Many parents, caregivers, and guardians face new and difficult choices about how their child will return to school in the fall, such as deciding between in-person and virtual learning.
This tool is designed to help parents, caregivers, and guardians weigh the risks and benefits of available educational options to help them make decisions about sending their child back to school. It is organized to provide parents and caregivers with:
- Information on COVID-19 and why safely reopening schools is so critical.
- Tools to:
- Help you assess your child’s and your family’s risk of COVID-19;
- Consider factors that will help you make a choice, if offered, of instructional format (e.g. virtual, in person, or a hybrid option); and
- Prepare for the school year, regardless of format.
Schools play an important role in students’ educational achievement, health, and wellbeing. Working with local health officials and with parents and caregivers, schools also have an important role in slowing the spread of SARS-CoV-2 (the virus that causes COVID-19) while protecting students, teachers, and staff and helping ensure students have safe and healthy learning environments.
As schools begin to reopen across the nation, parents, guardians, and caregivers will be making decisions based on numerous factors, such as individual preferences, health concerns, work situations, and school considerations. When making decisions about school for your family, there are many things to think about beyond academics, such as access to school meal programs, social services, extended day childcare, extra-curricular activities, social-emotional support from peers and educators, and transportation. Parents, guardians, and caregivers will be thinking about numerous factors, such as individual preferences, health concerns, work situations, and school considerations.
Many schools are offering parents and guardians a choice between in-person and virtual modes of instruction. CDC’s Decision-Making Tool for Parents and Guardians is designed to help you think through school re-entry and the choices that your child’s school is offering.

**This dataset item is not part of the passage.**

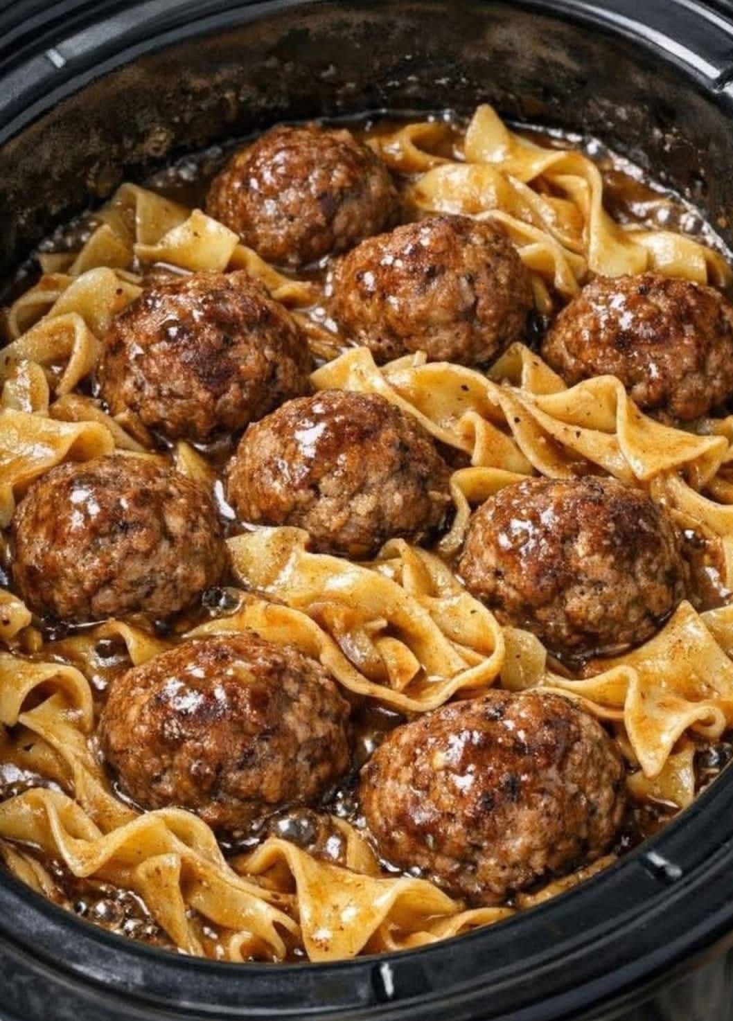 Slow Cooker Beef Meatballs and Egg Noodles is a rich, comforting dish made with tender homemade meatballs simmered in a flavorful brown gravy and served over soft egg noodles. It’s the perfect “set it and forget it” meal for busy days, delivering a hearty and satisfying dinner with minimal effort.

Because of the COVID-19 public health emergency (PHE), instructional formats such as class size, setting, and daily schedules will likely look different than in past years. Consider the risks and benefits of these different instructional formats. For example, in-person instruction may offer easier access to school services, improved educational efficacy, more opportunities for social interaction and return to work for some parents and caregivers, but it also has a higher risk of COVID-19 exposure for your child than virtual instruction. Families will differ in their choice of instructional formats based on whether the student or members of the household are at increased risk of severe illness, the student’s academic needs, the level of COVID-19 spread in the community, available school transportation options, school ability to execute recommended guidelines, the student’s social-emotional wellbeing, comfort and familiarity with the school’s reopening plans, and the family’s situation and needs.
As you are making decisions about your child(ren) returning to school, it is important to consider the full spectrum of risks involved in both in-person and virtual learning options. Parents, guardians, and caregivers should weigh the relative health risks of COVID-19 transmission from in-personal instruction against the educational, social-behavioral, and emotional risks of providing no in-person instruction when deciding between these two options. Aside from a child’s home, no other setting has more influence on a child’s health and well-being than the school. The in-person school environment not only provides educational instruction, but supports a child’s social and emotional skills, safety, speech, mental health, reliable nutrition, and opportunities for physical activity. This tool is designed to help weigh the risks and benefits of available educational options to help you make decisions about sending your child back to school.
What We Know About COVID-19 and Children
COVID-19 is a newly identified disease caused by the virus SARS-CoV-2. Scientists are still learning about how it spreads, how it affects children, and what role children may play in its spread. Limited data about COVID-19 in children suggest that children are less likely to get COVID-19 than adults, and when they do get COVID-19, they generally have less serious illness than adults . Common symptoms of COVID-19 among children include fever, cough, runny nose, sore throat, headache, body ache, and diarrhea; many children may have mild or no symptoms . As of July 21, 2020, 6.6% of reported COVID-19 cases and <0.1% of COVID-19-related deaths are among children and adolescents less than 18 years of age in the United States . While uncommon, deaths and rare illness such as multisystem inflammatory syndrome in children (MIS-C) may occur .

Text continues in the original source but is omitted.